BenchmarkDotNet=v0.12.1, OS=ubuntu 20.04
AMD Ryzen 9 3900X, 1 CPU, 24 logical and 12 physical cores
.NET Core SDK=5.0.201
[Host] : .NET Core 5.0.4 (CoreCLR 5.0.421.11614, CoreFX 5.0.421.11614), X64 RyuJIT
DefaultJob : .NET Core 5.0.4 (CoreCLR 5.0.421.11614, CoreFX 5.0.421.11614), X64 RyuJIT
Method | Mean | Error | StdDev |
---|---|---|---|
Direct | 47,022.29 ns | 293.281 ns | 259.986 ns |
DirectBranchless | 17,932.28 ns | 40.106 ns | 37.515 ns |
DirectUnrolled | 15,891.53 ns | 50.564 ns | 44.824 ns |
DirectUnsafe | 12,046.63 ns | 88.918 ns | 83.174 ns |
DirectUnsafeAvx | 2,071.47 ns | 14.052 ns | 13.144 ns |
Iterator | 404,825.24 ns | 790.227 ns | 739.179 ns |
IteratorSimpler | 405,514.29 ns | 6,774.750 ns | 6,337.105 ns |
SelectBaseline | 20.00 ns | 0.024 ns | 0.020 ns |
We're using JMH. Hopefully correctly.
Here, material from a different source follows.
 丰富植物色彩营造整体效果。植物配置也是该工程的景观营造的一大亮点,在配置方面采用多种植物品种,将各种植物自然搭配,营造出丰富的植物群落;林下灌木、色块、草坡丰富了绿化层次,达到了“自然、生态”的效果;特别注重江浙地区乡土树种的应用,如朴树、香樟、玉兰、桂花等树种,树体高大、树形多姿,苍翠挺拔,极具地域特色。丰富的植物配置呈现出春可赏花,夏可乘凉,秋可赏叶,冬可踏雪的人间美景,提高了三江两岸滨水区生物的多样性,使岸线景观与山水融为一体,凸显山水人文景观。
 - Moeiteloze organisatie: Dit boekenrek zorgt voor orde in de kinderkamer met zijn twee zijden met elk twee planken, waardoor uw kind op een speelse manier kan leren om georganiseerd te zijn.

I'm haven't coded in anger in Java in long time, but the numbers appear spot on for the direct loop, so I'm relatively confident it's right.
# JMH version: 1.27
# VM version: JDK 11.0.10, OpenJDK 64-Bit Server VM, 11.0.10+9-Ubuntu-0ubuntu1.20.04
# VM invoker: /usr/lib/jvm/java-11-openjdk-amd64/bin/java
Benchmark Mode Cnt Score Error Units
FunctionsBenchmark.benchmarkBaselineSelect avgt 5 13.835 ± 0.175 ns/op
FunctionsBenchmark.benchmarkDirect avgt 5 44743.546 ± 149.830 ns/op
FunctionsBenchmark.benchmarkIterator avgt 5 264864.180 ± 10846.190 ns/op
FunctionsBenchmark.benchmarkIteratorGuava avgt 5 913337.174 ± 5627.959 ns/op
We're using Criterion
Refer to the central column for the average. We're using Rust 1.50.
rng select baseline time: [14.172 ns 14.193 ns 14.218 ns] * note: nanoseconds in this row
calculate_direct_index time: [6.5779 us 6.5995 us 6.6310 us] * note: microseconds for these
calculate_direct time: [6.6033 us 6.6187 us 6.6371 us]
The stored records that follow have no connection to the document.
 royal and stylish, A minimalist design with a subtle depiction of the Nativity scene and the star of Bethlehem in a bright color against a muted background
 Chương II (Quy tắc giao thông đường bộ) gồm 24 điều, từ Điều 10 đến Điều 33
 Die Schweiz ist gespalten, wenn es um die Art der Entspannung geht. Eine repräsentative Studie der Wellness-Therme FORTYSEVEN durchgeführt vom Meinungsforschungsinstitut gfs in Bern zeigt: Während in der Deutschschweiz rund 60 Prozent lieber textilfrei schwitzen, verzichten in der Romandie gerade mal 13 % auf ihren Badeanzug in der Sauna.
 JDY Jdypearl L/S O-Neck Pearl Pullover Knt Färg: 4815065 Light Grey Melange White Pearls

calculate_iter time: [3.6406 us 3.6609 us 3.6901 us]
calculate_fold time: [3.6491 us 3.6575 us 3.6675 us]
calculate_avx time: [1.9541 us 1.9586 us 1.9640 us]
Rust is almost boring, because it produces such fast code: there's often no point in writing a manually-unrolled loop. Sometimes it's worth writing AVX2 code or even inline assembly, but it has to be a really hot path for this to make sense. With Rust, the AVX2 code is only 1.8X faster than the iterator, and a lot less maintainable. Compare this with the over 23X improvement in the C# case.